Endomorphs are primarily characterized by their propensity to store fat, as well as a wider waistline and bigger bone structure . (2) Catudal says that endomorphs tend to gain weight more easily compared with ectomorphs and mesomorphs. Even when eating a similar diet as another body type, an endomorph will tend to hold on to more excess fat, he says. In addition, this excess fat often deposits around the waist. “This visceral body fat hangs out around your organs and is related to insulin resistance,” says Marta Montenegro, PhD, a specialist in fitness nutrition based in Miami. Insulin resistance is when your cells have trouble responding to the insulin that your pancreas pumps out, which ultimately affects your blood glucose levels. (3) Insulin resistance affects the way your body processes carbohydrates. (4) Accordingly, proponents of the endomorph diet advise limiting these, especially highly processed, refined carbs, which contain fewer nutrients and less dietary fiber than whole grains, says Montenegro. With more body fat, the thinking goes, you’ll also burn fewer calories compared with a naturally muscular body, like a mesomorph, adds Catudal. All this means that you’ll have to keep a tighter watch on calories, the diet says. Catudal suggests a higher protein intake (40 percent of calories per day), a good amount of fat (40 percent of calories per day), and a lower-carbohydrate diet (20 percent of calories per day), aiming for 1,300 to 1,500 calories per day to start. Maximize carbs and calories, and build volume by focusing on eating a lot of fiber-rich veggies. “These are the carbs that will keep you full,” says Catudal. Before you adopt any new diet, you should check with a registered dietitian nutritionist to find the best nutrition plan for your individualized needs.

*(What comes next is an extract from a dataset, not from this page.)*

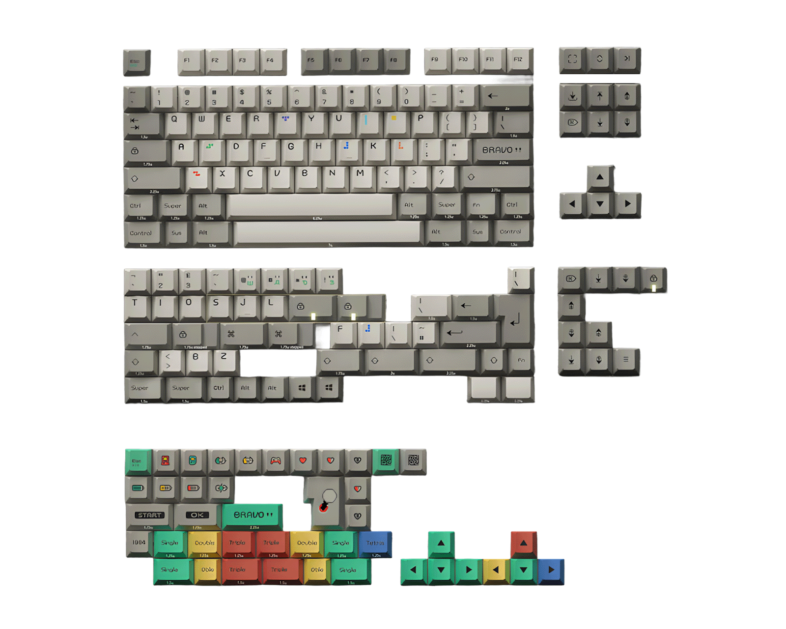 Das Design dieser Keycaps zeichnet sich durch gedämpfte Farben wie Beige und Grau aus, akzentuiert mit einem bläulichen Grünton, der an ältere Monitorbildschirme erinnert. Um das Retro-Feeling zu verstärken, wurden die Schriftarten neu gestaltet und pixelisiert, was ein authentisches Gefühl des Retro-Gamings vermittelt. Die Keycaps haben ein Cherry-Profil und passen zu Cherry MX-Schaltern sowie MX-style Klonen, was sie mit einer Vielzahl von Tastaturen kompatibel macht. Die verwendete Herstellmethode ist Dye-Sub, was zusätzlich zur Haltbarkeit und zur Farbbrillanz beiträgt. Die Einführung einer gestalteten ABS-Tray-Verpackung macht es einfach, die Keycaps sicher aufzubewahren.

You can also have a hybrid body type. “Hybrid body types come from a combination of DNA and bad habits over time,” says Catudal. Some people are skewed meso-endomorphs, which are characterized by larger bodies that are strong but don’t have defined muscles. If that’s you, he recommends a combination of strength training and cardio for exercise, plus a nutrition plan that’s aimed at fat loss. You could also be a mesomorph or an ectomorph who has a larger waist, a figure that some people describe as an apple shape. (5) This could put you more at risk for metabolic problems, so Catudal advises watching carbohydrates in a similar way as the endomorph recommendations below.

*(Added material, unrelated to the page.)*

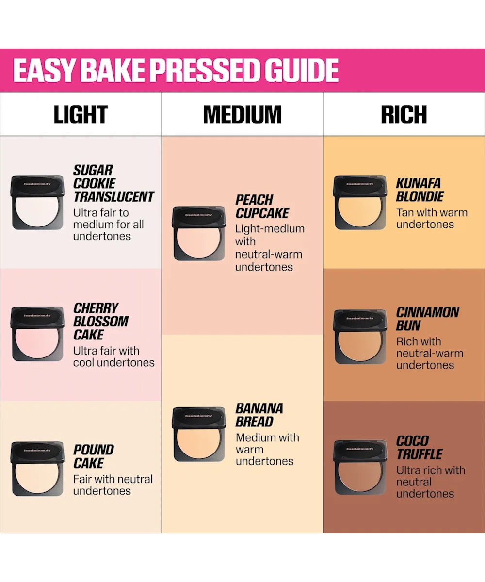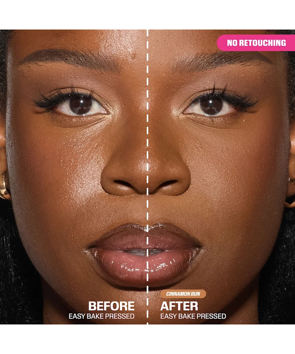 Introducing Huda Beauty's first REAL pressed powder - the Easy Bake Pressed Powder. A non-comedogenic super fine pressed powder with 12hr shine control for a non-caking airbrush matte finish. This super fine, never cakey, long-wearing pressed powder blurs, smooths, and sets for a 12-hour airbrush matte finish.

Since endomorphs tend to carry more fat and are more likely to have insulin resistance, Catudal recommends eating a balanced diet that’s lower in carbohydrates in order to support fat loss. Indeed, one study suggested that reducing the amount of carbs in your meals can improve insulin function within a day and may be a powerful way to lower your risk of prediabetes. (6) What’s more, because fat burns fewer calories than muscle, an endomorph likely has a metabolism that runs slower compared with a naturally muscular mesomorph, meaning that you’ll want to eat fewer calories in the beginning of the diet. (7) Catudal often recommends paleo-diet-style plans (aka a caveman diet), which focus on fruit, veggies, meats, fish, nuts and seeds, and oils. (8) Though paleo dieters typically avoid legumes, he gives the green light to beans and lentils, which are packed with weight-friendly and digestion-slowing fiber. Yet, as you’ll see, you can also incorporate grains into an endomorph diet.
The thinking goes that endomorphs do best when they focus on reducing calorie intake and taking in more protein, healthy fats, and low-carb foods. Catudal says this approach will help them trim fat, reduce their waistline, and improve insulin resistance. Here are the foods you’re allowed to eat on an endomorph diet.

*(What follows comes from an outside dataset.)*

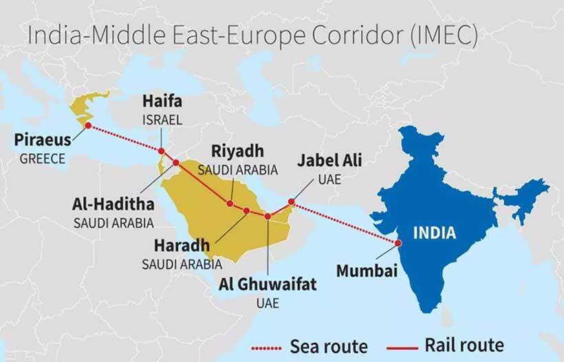 کریدور اقتصادی هند-خاورمیانه-اروپا (آیمک) با هدف افزایش ارتباطات تجاری و انرژی در سراسر قارهها طراحی شده است. این پروژه شامل دو مسیر مرتبط است؛ کریدور شرقی هند را از طریق شبکههای دریایی و ریلی از طریق امارات و عربستان به خلیج فارس متصل میکند و کریدور شمالی نیز عربستان را از طریق اردن و اسرائیل به بنادر اروپایی مانند پیرائوس در یونان متصل میکند. هدف این مسیرها ایجاد یک زنجیره لجستیک روان با اتصال بنادر، افزایش اتصال دیجیتال و اتصال خطوط لوله انرژی در سه قاره بود.

Breakfast 2 scrambled eggs plus 1 egg white and spinach
Snack Sunflower seeds and a piece of fruit
Lunch Olive oil–massaged kale salad topped with cucumbers, bell peppers, and salmon
Snack Deli meat wrapped around asparagus spears
Dinner Grilled chicken breast over zucchini noodles and tomato sauce
Breakfast Cottage cheese with slivered almonds and cinnamon
Snack Sliced veggies and hummus
Lunch Stir-fry made with chicken and peppers over brown rice
Snack Sliced apple with peanut butter
Dinner Turkey tacos wrapped in lettuce and topped with a slice of avocado
Breakfast Egg frittata made with tomatoes, onions, and spinach
Lunch Grilled chicken salad with garbanzo beans, tomatoes, and tzatziki sauce
Snack Hummus and sliced veggies (bell pepper, celery)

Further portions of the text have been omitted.